Phaeochromocytoma and paraganglioma (PPGL) are rare tumours that generally lead to excessive secretion of catecholamines. Adrenalin is one such hormone that you may be familiar with. We generally consider phaeochromocytoma and paraganglioma together because they tend to behave like one another and are therefore investigated and managed in a similar fashion. They may also be a manifestation of an underlying genetic problem which requires consideration in every patient with this disease.

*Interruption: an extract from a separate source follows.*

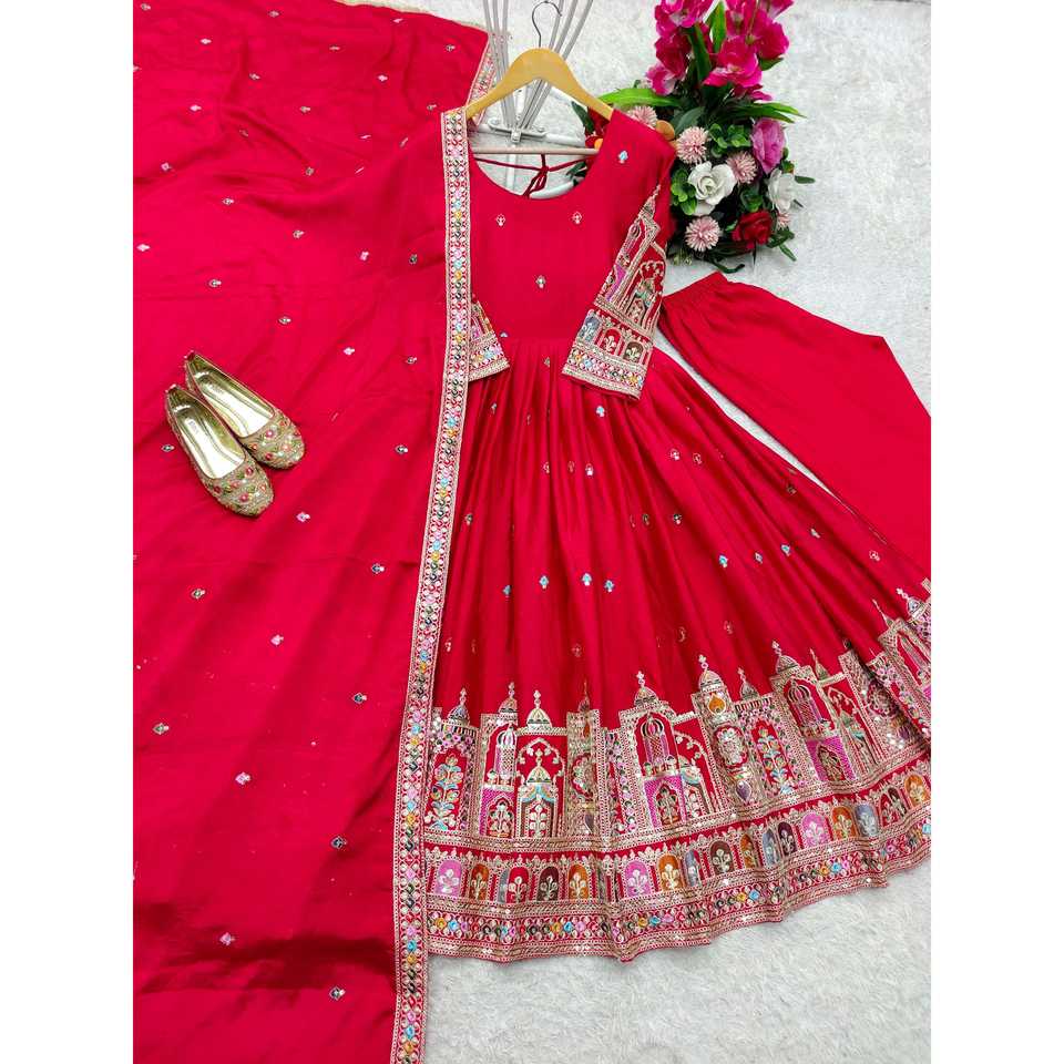 ชุดเดรสผ้าไหมอานาร์กาลีสวยงามพร้อมผ้าคลุมไหล่สำหรับงานปาร์ตี้
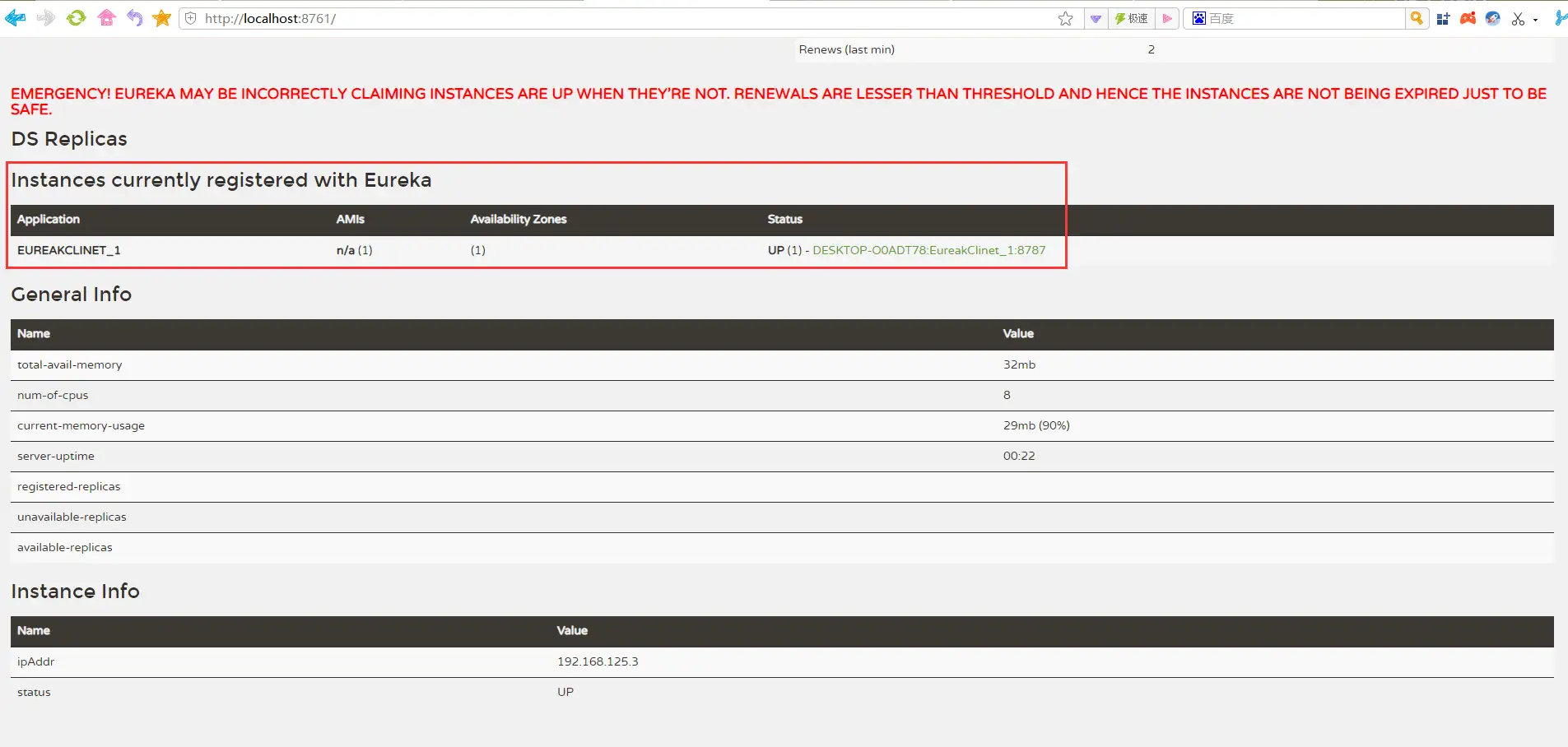 注意在eureka注册信息页面上红色显示的

The catecholamines produced by these tumours and their breakdown products can circulate in excess and can result in unusual symptoms. Classically, these tumours secrete these hormones in an episodic fashion, leading to acute episodes of headache, facial flushing, anxiety, sweating and high blood pressure. In between episodes, you may feel fine and some patients may be completely symptom free. The problem may also be identified when having a scan for a different reason (adrenal incidentaloma) or if you react unusually to other medical treatment (eg. when undergoing sedation/anaesthetic for an unrelated matter). Without management a phaeochromocytoma or paraganglioma can be dangerous and requires prompt recognition, confirmation of the diagnosis and management.
As with many adrenal problems, investigation involves imaging, blood tests and urine tests. There are many different types of investigation available and your ANZES recognised endocrine surgeon will be able to guide you through this. In most cases, the diagnosis is evident on the initial screening tests.
Once the diagnosis is secured, management should commence quickly. Whilst surgery is generally the next logical step to remove the tumour this cannot be undertaken until the patient is prepared with medication that reduces the impact of the excessively elevated circulating catecholamines. This is because any attempt to manipulate the tumour during the operation can lead to a further surge in catecholamines that can cause problems with blood pressure. It is for this reason that a multidisciplinary team is generally involved in the care of patients with PPGL and medicine required to prepare for surgery will generally be managed by an endocrinologist.
Once adequately prepared, surgical removal of the catecholamine producing tumour (adrenalectomy) is the only way to cure the problem. Experience tells us that this is usually the single most useful way of managing the problem and will ensure that problems associated with the catecholamine excess are corrected. Your ANZES recognised endocrine surgeon will be able to assist you in making these decisions about your health.
Being a neuroendocrine disease, Professor Gundara has a special interest in PPGL and was fortunate to have trained in Australia’s leading research (Kolling Institute) and endocrine surgical unit (Royal North Shore Hospital) when it comes to this disease. He maintains an active research brief in this area.